The
Lord loves the righteous, the Lord cares for the stranger; he
sustains the orphan and widow.
In
last week's Gospel, we heard the story of the centurion of great
faith, and who sought to have his servant healed by Jesus. There was
an interesting tension in that account: on the one hand, there were
the centurion's friends and sympathizers who said that the centurion
was worthy of having this healing performed even though he was not a
Jew, and on the other hand, you had the centurion himself declaring
that he was not worthy. As I pointed out in my sermon, we do good
things not so that we can present them to God as a kind of resume,
but rather, doing good that we can do, we recognize that before the
Lord we are not worthy because our good is never unalloyed with a
little bad and even the good we do pales in comparison with him who
is goodness itself. What is particularly notable about last week's
Gospel in contrast with today's is that our Lord was asked to come
and perform that healing, while in today's, where he raises the only
son of a widow from the dead, he acts without being implored. As much
as we may have a sense that we are growing in holiness and in the
life of the Spirit, the more profound truth is that at some point we
were like this dead young man. To put it into the words of that
familiar hymn, I once was lost but now am found. At some point our
Lord found you; he came unsolicited and unwanted, by his own
authority and moved by his heart of love, to awake you out of
spiritual slumber. The Lord's greatest work is almost invariably
unsolicited, and this is so because so often we don't even realize
the good things we need or can have from the Lord. Gorging ourselves
on a steady diet of stale biscuits and water, we too often miss the
fact that our Lord has spread a table before us, and by his grace has
called us to partake, all of his own initiative.
It
is interesting to put the first and Gospel lessons in conversation
with one another. Both contain stories of raising a widow's only son
from the dead. Luke wants us to think of this scene from the life of
the prophet Elijah because he understands Jesus is a prophet, but of
course, he is even greater. This is evident if read them side by
side. The broken-hearted widow reproaches the prophet Elijah for the
death of her son. The prophet takes the child into an open room, and
beings to pray, Lord,
O Lord my God, hast thou brought calamity even upon the widow with
whom I sojourn?
Then he lays upon the child three times, and finally the
soul of the child comes into him again.
It is clear that this raising from the dead is by the power of God
and not by Elijah's power. He is merely the pleader and the
intercessor, the instrument through whom the Lord works. In contrast
when our Lord sees the young man being carried on the bier, thronged
with mourners and processing towards the grave, he sees the sorrowful
mother and has pity on this poor widow. Walking over and touching the
bier, he says, young man, I say unto thee, arise. Here our Lord is
seen not as the pleader and intercessor, but as the one in whom
authority is given to raise from the dead. Like the prophets, our
Lord proclaims the truth of God, but unlike the prophets, in
him dwells all the fullness of the Godhead bodily,
to use the words of St. Paul. Our Lord is not only the mouthpiece of
God as a prophet, but the incarnate God. He shows that he has
authority over every sickness and demon, and even over death.
But
someone might ask why didn't our Lord raise all deceased children?

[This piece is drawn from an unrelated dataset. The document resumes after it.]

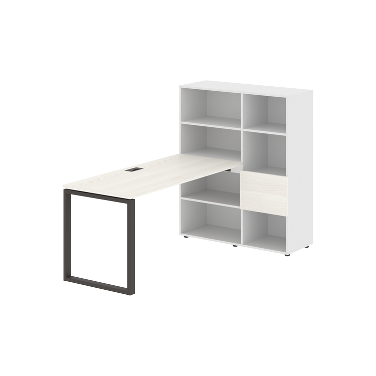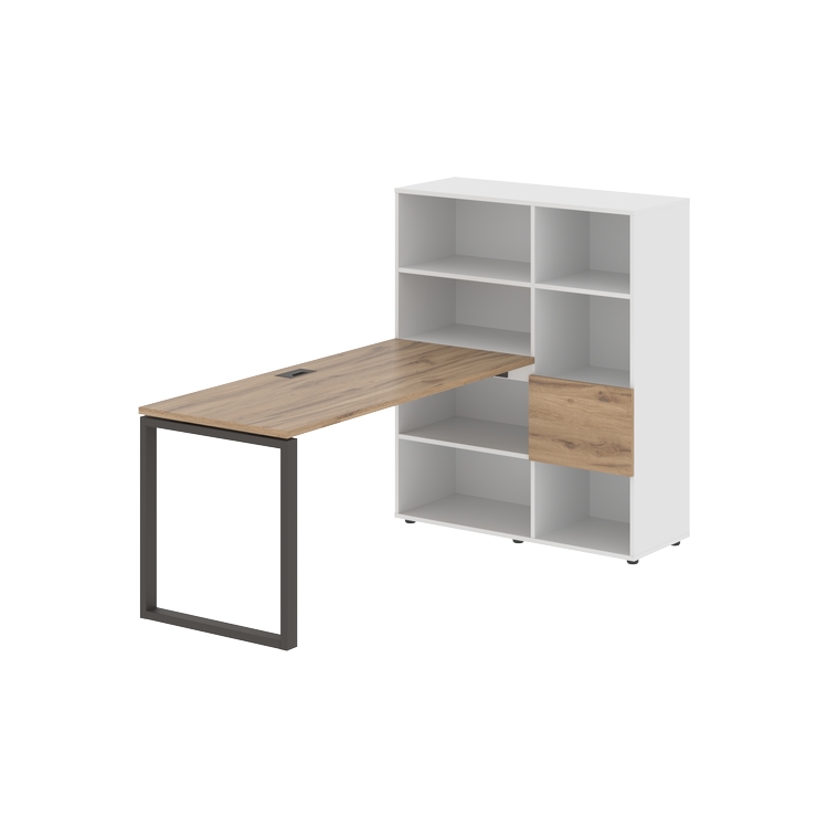 Каркасы стеллажей полностью из ЛДСП т.18 мм с кромками ПВХ т.2 и 0,45 мм, задняя стенка из ЛДСП. Комплектуется малой дверью в цвет столешницы и регулируемыми опорами h= 27 мм.

Was his compassion limited just to this widow? I like what George
MacDonald, the great 19th
century Scottish divine, had to say about this passage, O
mother! mother! wast thou more favoured than other mothers? Or was it
that, for the sake of all mothers as well as thyself, thou wast made
the type of the universal mother with the dead son—the raising of
him but a foretaste of the one universal bliss of mothers with dead
sons? Now
a modern interpreter might argue that widows were often destitute in
the ancient world, so our Lord's raising of the young man had more to
do with providing for her than sympathizing with her grief, but such
a view misses the plain wording of the Scripture: when
the Lord saw her, he had compassion on her and said unto her, Weep
not.
It is a horrible, horrible thing for a parent to bury a child. Some
of you may have been through that; others perhaps have seen loved
ones and friends mourn the death of a child. A window in this church
memorializes such a death. The thought of a child cut off in the
flower of youth is horrible to contemplate—lost life and joy
swallowed by the oblivion of death. And yet our Lord comes, he has
compassion; he touches the bier. He did this not just for this widow,
but for all mothers and fathers who mourn the death a child to show
them that he is the Lord even over death and destruction. In his
kingdom, the love between a mother and a son, a parent and a child
will find its reunion and fulfillment because God is love, and that
motherly love was a gift of his. Our Lord touches our sorrows and has
compassion on the those who mourn, and we pray that, to quote the
graveside prayers from the Book of Common Prayer, he would raise
us from the death of sin unto the life of righteousness.